Locate relevant passages in a document by asking the Bidirectional Encoder Representations from Transformers (BERT) model a question.
This sample app leverages the BERT model to find the answer to a user’s question in a body of text. The model accepts text from a document and a question, in natural English, about the document. The model responds with the location of a passage within the document text that answers the question. For example, given the text, “The quick brown fox jumps over the lethargic dog.”, with the question “Who jumped over the dog?”, the BERT model's predicted answer is, “the quick brown fox”.
The BERT model does not generate new sentences to answer a given question. It finds the passage in a document that's most likely to answer the question.
The sample leverages the BERT model by:
- Importing the BERT model’s vocabulary into a dictionary
- Breaking up the document and question texts into tokens
- Converting the tokens to ID numbers using the vocabulary dictionary
- Packing the converted token IDs into the model’s input format
- Calling the BERT model’s prediction(from:) method
- Locating the answer by analyzing the BERT model’s output
- Extracting that answer from the original document text
Before you run the sample code project in Xcode, use a device with either:
- iOS 13 or later
- macOS 10.15 or later
The first step to using the BERT model is to import its vocabulary. The sample creates a vocabulary dictionary by splitting the vocabulary file into lines, each of which has one token.
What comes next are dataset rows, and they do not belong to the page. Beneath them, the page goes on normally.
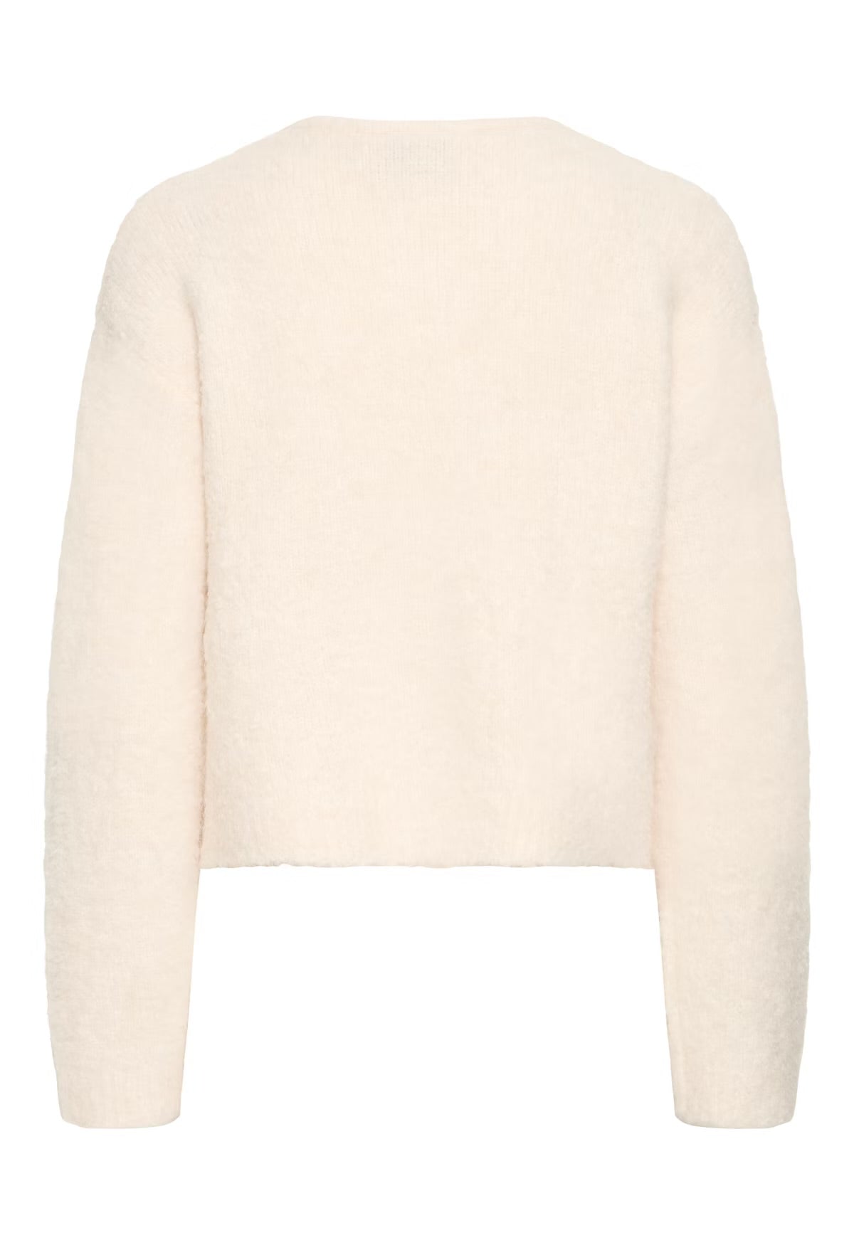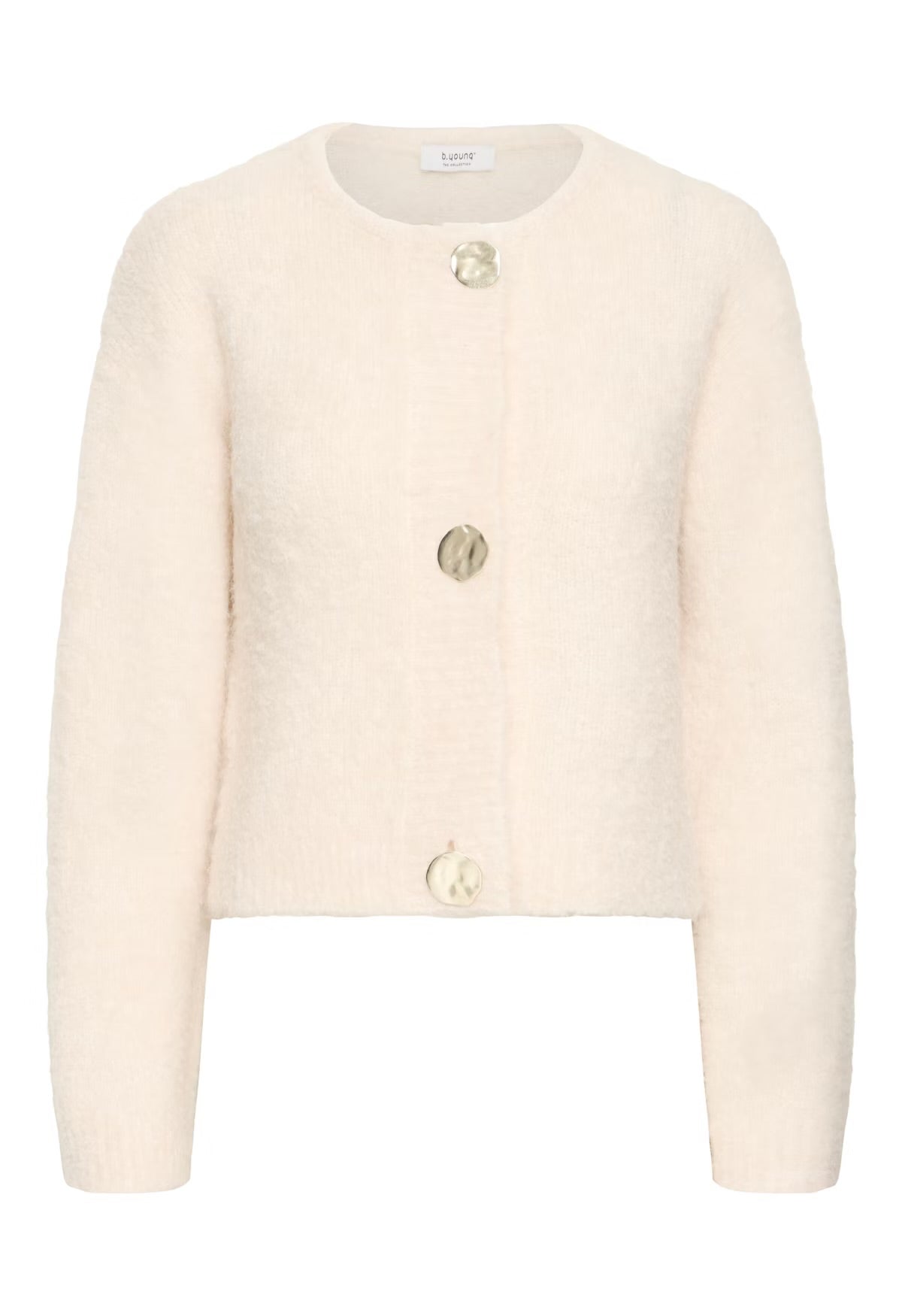 This women's cardigan features a relaxed fit, textured knit for comfort, and a round neckline. Statement buttons create a modern look, making this cardigan ideal for versatile styling and everyday wear.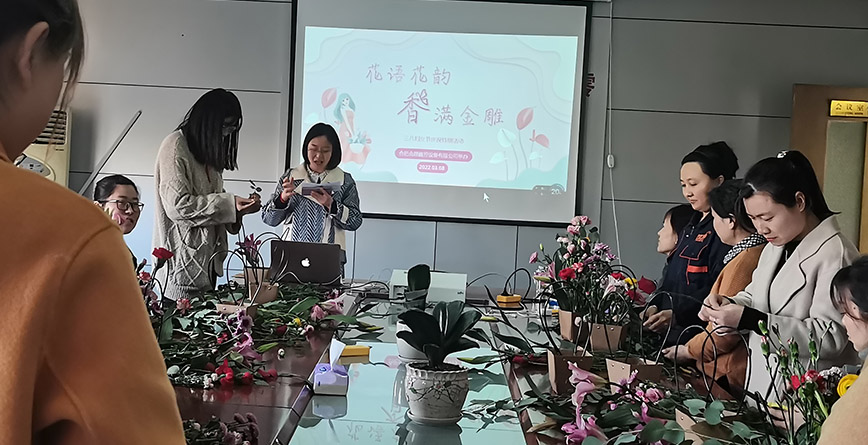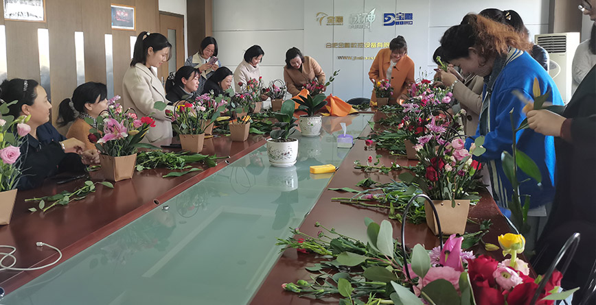 鮮花贈美女,溫馨抒情懷。在第112個“三八”國際婦女節(jié)當(dāng)天,為進一步豐富公司職工的文化生活,提升女性綜合素養(yǎng)、培養(yǎng)藝術(shù)品位,加強女職工的溝通與交流,激勵女職工為公司的發(fā)展增光添彩。3月8日下午3:00-4:30,合肥金雕在公司會議室舉行了主題為“花韻花語 香滿金雕”的插花活動。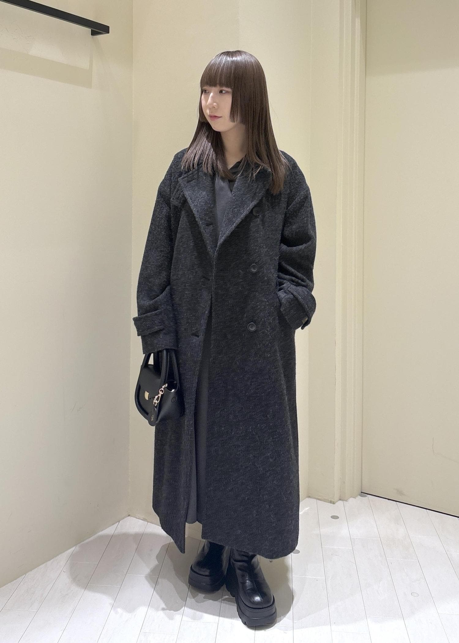 同じワンピース、ロングコートを使って全く印象が違うクールとキュートなコーデを組みました◎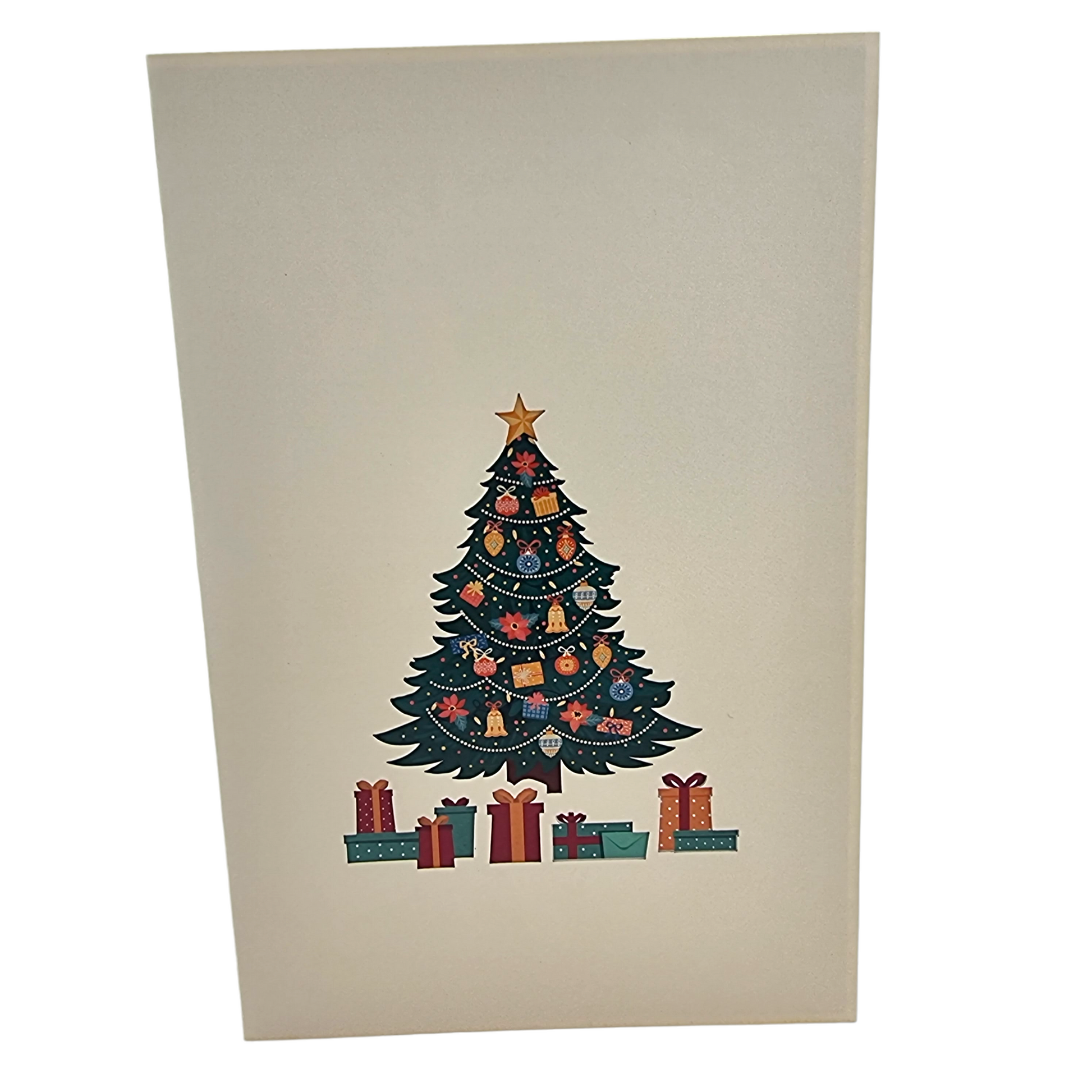 The front of this marvellous card offers an outline of a Christmas Tree surrounded by presents. When opened you are presented with a 3D Christmas Tree, adorned with ornaments and a star on top. Who wouldn't grin at this unique and jubilant vision? Use it as a Christmas card, holiday party invite, or simply treasure it for yourself. The card is 12 x 18 cm (4.7 x 7 inches) and is accompanied by an envelope, plus a slide-out note.

The sample's loadVocabulary
method creates a dictionary entry for each token, and each entry occupies an entire line in the vocabulary text file.
The function assigns each token's (zero-based) line number as its value. For example, the first token, "[PAD]"
, has an ID of 0
, and the 5,001st token, "knight"
, has an ID of 5000
.
The BERT model requires you to convert each word into one or more token IDs. Before you can use the vocabulary dictionary to find those IDs, you must divide the document's text and the question's text into word tokens.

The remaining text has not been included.